Already fighting nostalgia for this apartment. Only a year ago we were painting the livingroom walls green. We got engaged and married in almost the same spot in the diningroom. It is not the apartment, it is the historical fact that we lived in it, struggled against it trying to make it reflect us, and fit us. There were so many strangely difficult things. The futurism of having a dishwasher. The pasteboard and laminate. The weather-proofed windows. The north side that painfully twisted some internal compass needle, jerking me around to face a direction I preferred not to face. And now, of course, that we are leaving, I see exactly where we succeeded in making it ours, exactly where it failed our respective, manic desires to thrive.

I don't know how to acknowledge that something so precious as our marriage is alive, how to acknowledge that its value lies in something other than being mourned, that (as Ursula Le Guin says) we make it every day like bread. Why is it that love is supposed to feel like grief? Dylan and I don't have time for that.

I try not to feel guilty for some vague failure, as if we would be better specimens if we loved spending all of our time deciding who will change the sheets and who will clean the bathroom.

I refuse to spend too much time looking backwards. Even as we move back within blocks of our old apartment on 99th St, I know that we would be mistaken to believe that we are trying to go back to the way things were. To put it bluntly, we are better people now. Living together has made us better. 

In my sadness at what we are leaving, Dylan reminds me that the whole apartment building is our house now, with two artists' studios connected by a carpeted stairway. He's christened this new building The Renaissance, for all that we will experience living there. Here. When we dropped off another load of books tonight, I noticed that I'll be able to see into Dylan's kitchen from the sidewalk that runs up to the back door, and this made me happy.

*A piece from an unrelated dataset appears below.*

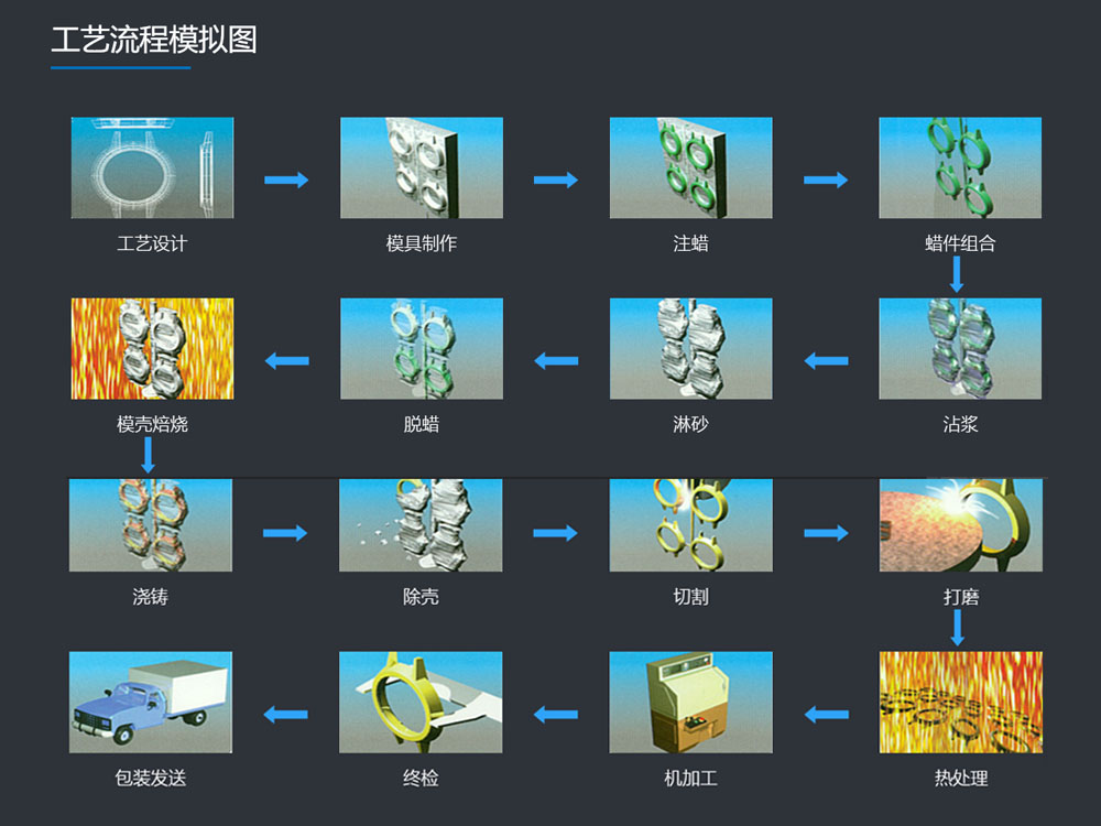 熔模鑄造工藝包括幾個步驟:金屬模具制造,蠟?zāi)Ia(chǎn),模殼制造,澆鑄,清砂切割, 打磨精整。

And it looks as if my brother will be moving in to the same building.


Thursday, March 1, 2018

It must be nine years to the day that I moved myself, my loft bed, and my four Superstore plates and four Superstore bowls into the tiny suite on 86th Ave, across the street from Ashleigh's house, where later a Dylan I didn't know yet attended their Infinite Jest book club.

I just came from the walk-through of my new apartment. I arrived with all of our plants in the car. Our bumbling landlord and his wife (?) were 20 minutes late. She spent the whole inspection scurrying around wiping down baseboards and he spent it whining about how the pharmacy was going to close. His eyes and his belly roll in tandem; he has a wild, bleary, sweatpants look about him. If he is dealing prescription drugs I will only be surprised because he does not seem smart enough to avoid getting busted for it. Anyway, I was worried about the plants freezing.